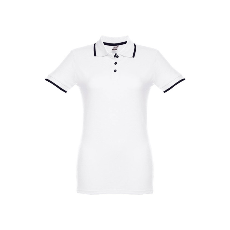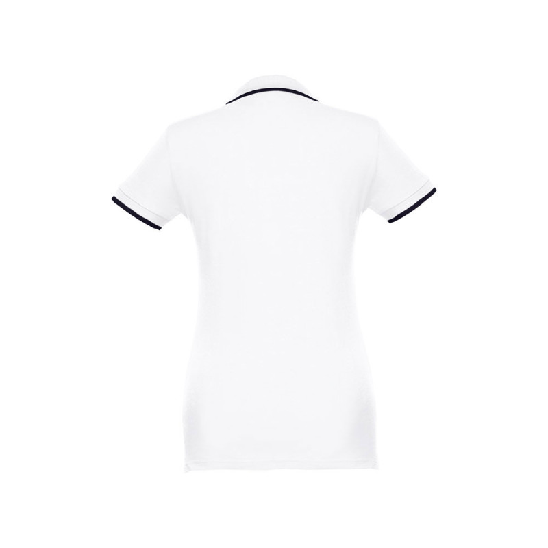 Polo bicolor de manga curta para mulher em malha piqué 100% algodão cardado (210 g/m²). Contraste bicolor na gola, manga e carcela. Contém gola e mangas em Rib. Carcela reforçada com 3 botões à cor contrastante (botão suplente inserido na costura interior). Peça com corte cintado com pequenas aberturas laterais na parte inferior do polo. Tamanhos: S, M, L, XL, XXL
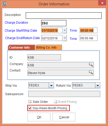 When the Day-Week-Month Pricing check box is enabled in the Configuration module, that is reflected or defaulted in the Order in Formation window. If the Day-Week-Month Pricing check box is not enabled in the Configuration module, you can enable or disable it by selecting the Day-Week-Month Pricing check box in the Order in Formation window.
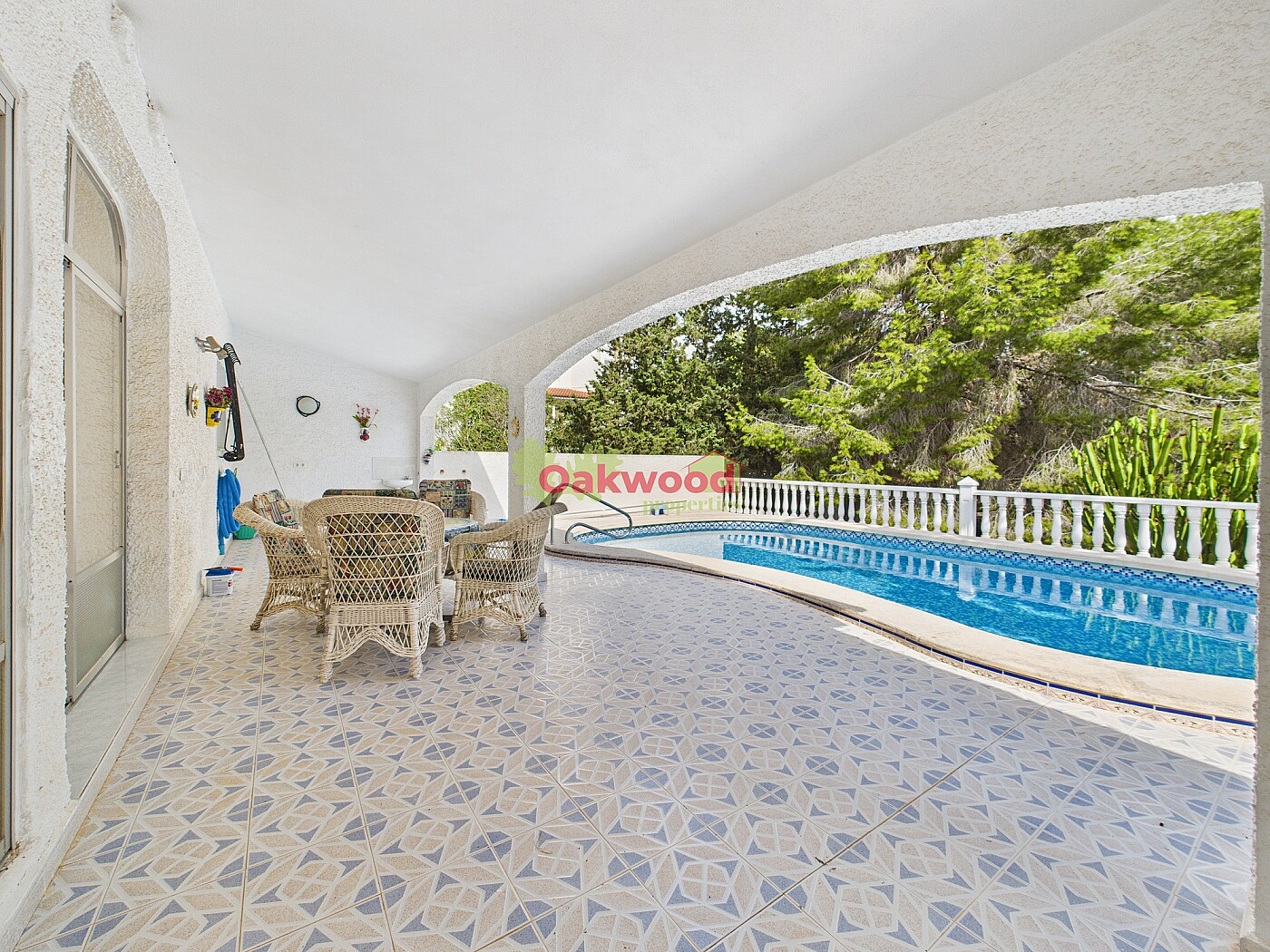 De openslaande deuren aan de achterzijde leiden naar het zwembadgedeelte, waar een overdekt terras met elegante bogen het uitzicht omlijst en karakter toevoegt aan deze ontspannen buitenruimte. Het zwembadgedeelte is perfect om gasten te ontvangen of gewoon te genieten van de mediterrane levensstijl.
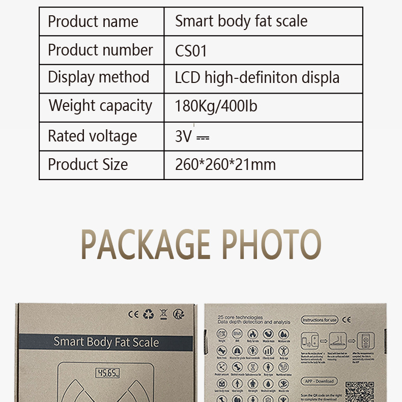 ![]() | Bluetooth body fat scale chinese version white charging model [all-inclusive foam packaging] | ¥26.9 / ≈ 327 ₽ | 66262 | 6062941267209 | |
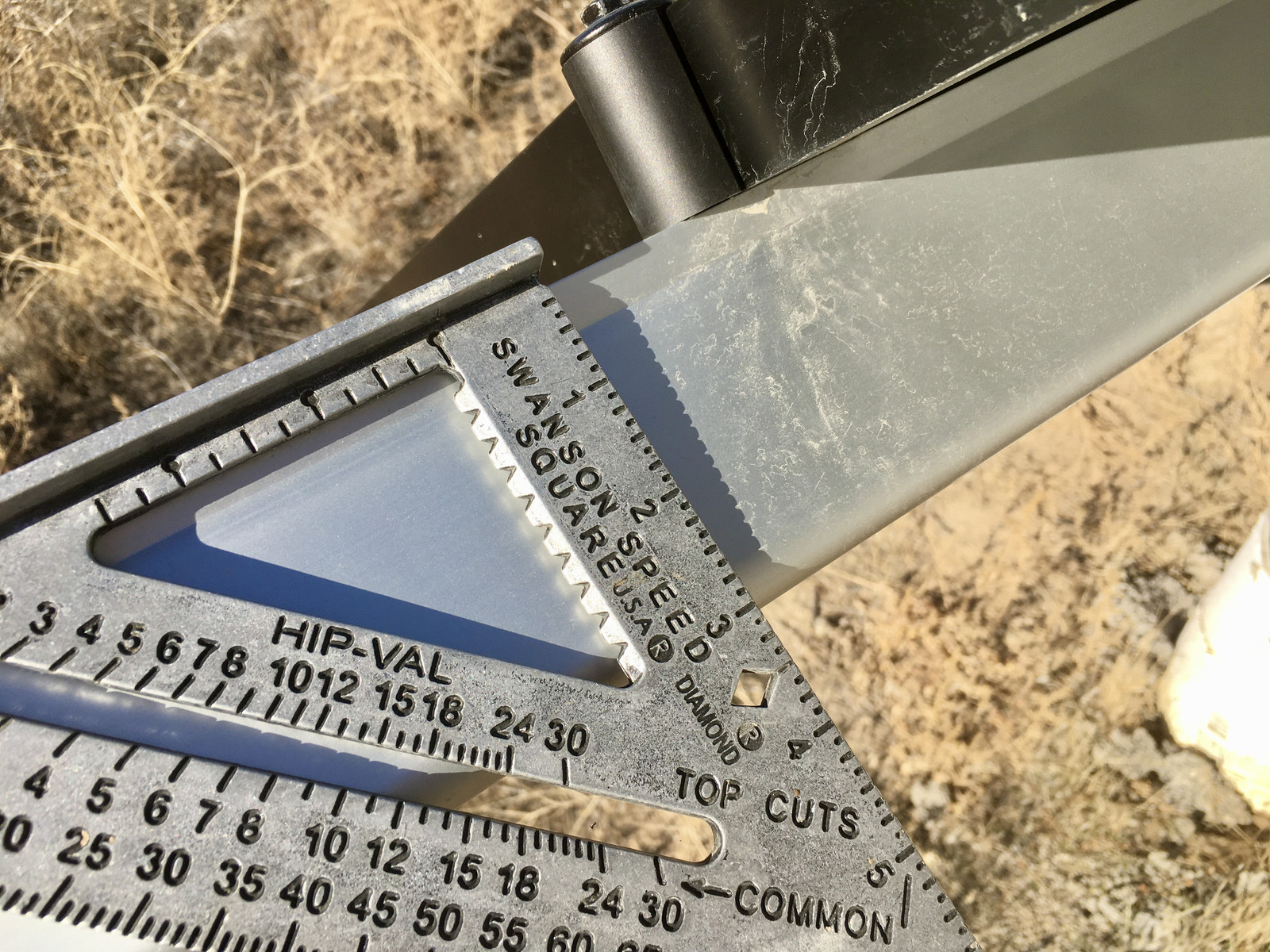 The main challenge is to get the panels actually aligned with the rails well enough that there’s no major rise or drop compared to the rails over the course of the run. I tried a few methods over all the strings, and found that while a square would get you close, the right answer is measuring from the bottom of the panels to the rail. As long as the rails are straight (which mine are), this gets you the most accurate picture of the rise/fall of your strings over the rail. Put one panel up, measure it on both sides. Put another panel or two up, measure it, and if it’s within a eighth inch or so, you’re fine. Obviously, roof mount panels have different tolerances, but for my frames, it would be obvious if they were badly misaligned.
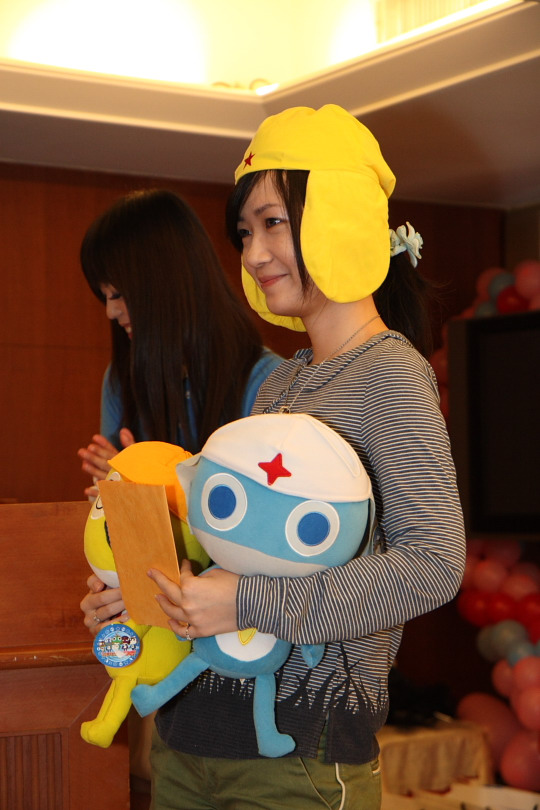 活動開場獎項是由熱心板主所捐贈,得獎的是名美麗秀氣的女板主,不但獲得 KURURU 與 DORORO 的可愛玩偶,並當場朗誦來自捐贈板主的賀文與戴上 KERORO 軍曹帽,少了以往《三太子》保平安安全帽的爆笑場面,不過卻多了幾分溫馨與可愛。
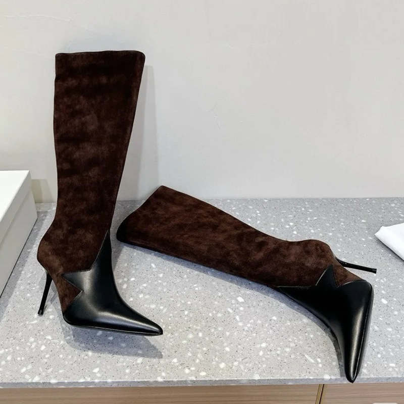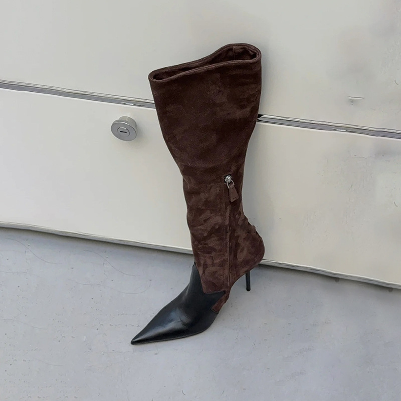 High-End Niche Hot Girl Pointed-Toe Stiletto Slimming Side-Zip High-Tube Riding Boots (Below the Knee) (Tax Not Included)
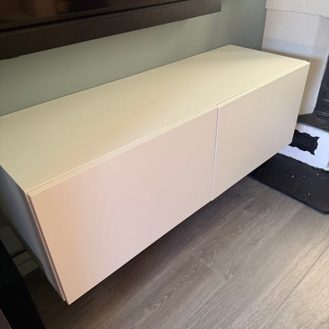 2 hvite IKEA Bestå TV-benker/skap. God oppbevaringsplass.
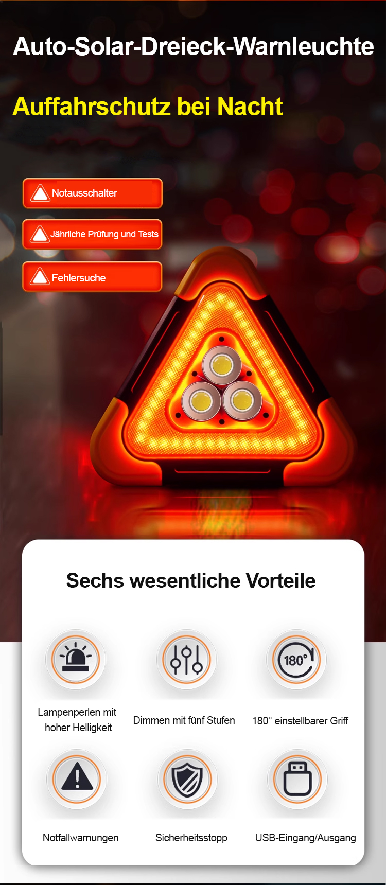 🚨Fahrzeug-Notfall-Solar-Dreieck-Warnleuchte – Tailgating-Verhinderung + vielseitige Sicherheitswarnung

========

= WHAT TO WORK ON =
Using the listing above, set down exactly each line from the one containing "2 hvite IKEA" through the final line, and leave out pictures.

= RESULT =
 2 hvite IKEA Bestå TV-benker/skap. God oppbevaringsplass.
 🚨Fahrzeug-Notfall-Solar-Dreieck-Warnleuchte – Tailgating-Verhinderung + vielseitige Sicherheitswarnung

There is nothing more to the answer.